Exclude pictures and give again exactly the lines of the listing, beginning with its first line and ending with the one that contains "de género. 103".

§ **RECORDED DATA**:
# # #

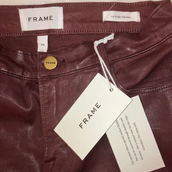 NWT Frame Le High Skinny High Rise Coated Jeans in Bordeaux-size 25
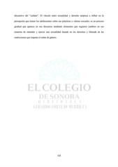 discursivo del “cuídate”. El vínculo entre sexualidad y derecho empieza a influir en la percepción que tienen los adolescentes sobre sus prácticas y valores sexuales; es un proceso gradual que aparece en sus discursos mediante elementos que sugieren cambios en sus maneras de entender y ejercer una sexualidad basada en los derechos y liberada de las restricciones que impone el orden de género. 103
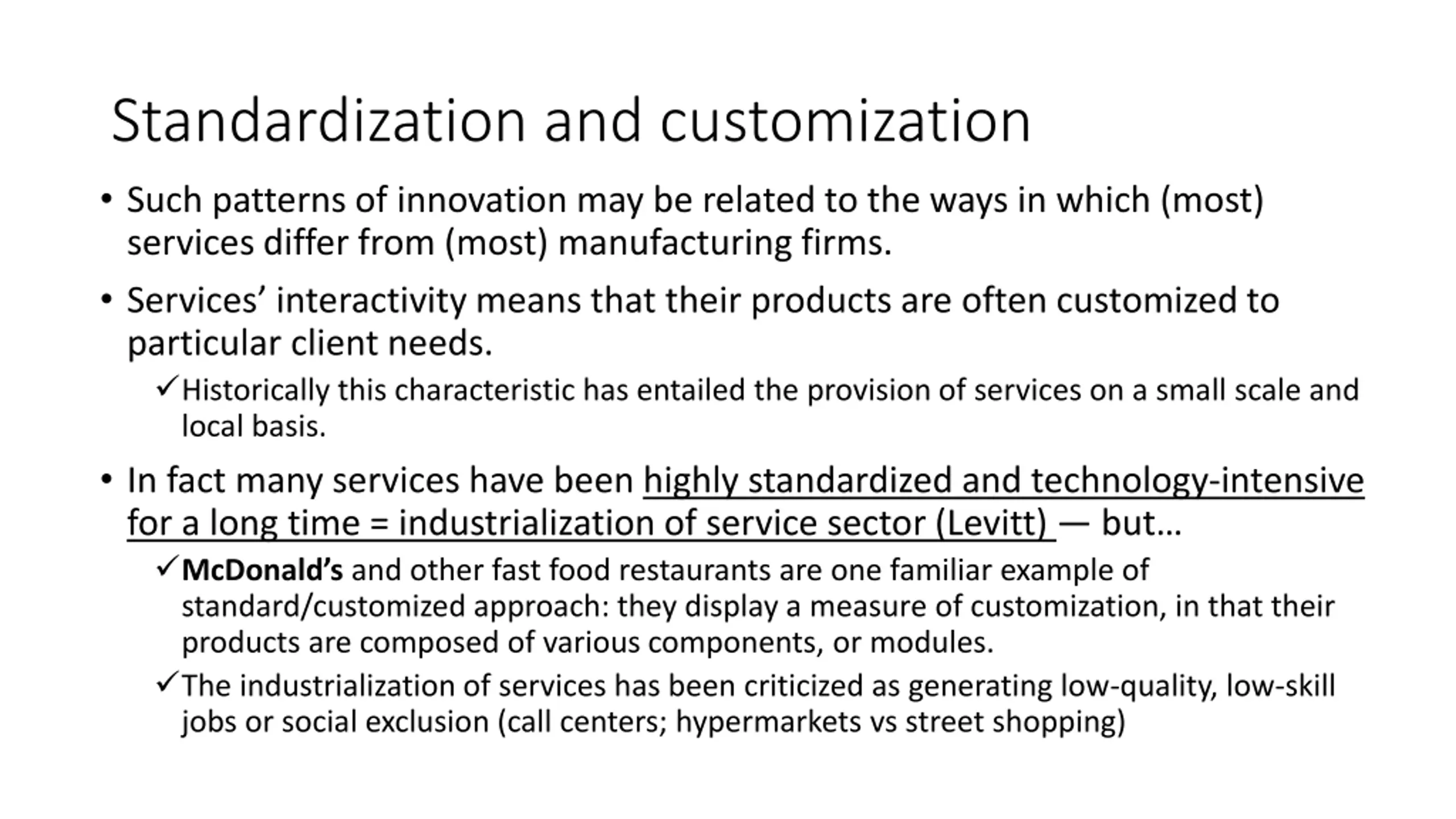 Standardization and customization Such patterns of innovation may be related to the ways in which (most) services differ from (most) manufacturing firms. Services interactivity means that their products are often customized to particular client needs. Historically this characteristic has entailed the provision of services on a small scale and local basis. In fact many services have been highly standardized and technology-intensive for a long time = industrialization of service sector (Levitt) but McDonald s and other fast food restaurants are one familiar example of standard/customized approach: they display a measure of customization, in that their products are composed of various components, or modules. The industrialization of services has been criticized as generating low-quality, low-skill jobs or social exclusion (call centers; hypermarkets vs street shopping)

# # #

§ **RESPONSE BOX**:
 NWT Frame Le High Skinny High Rise Coated Jeans in Bordeaux-size 25
 discursivo del “cuídate”. El vínculo entre sexualidad y derecho empieza a influir en la percepción que tienen los adolescentes sobre sus prácticas y valores sexuales; es un proceso gradual que aparece en sus discursos mediante elementos que sugieren cambios en sus maneras de entender y ejercer una sexualidad basada en los derechos y liberada de las restricciones que impone el orden de género. 103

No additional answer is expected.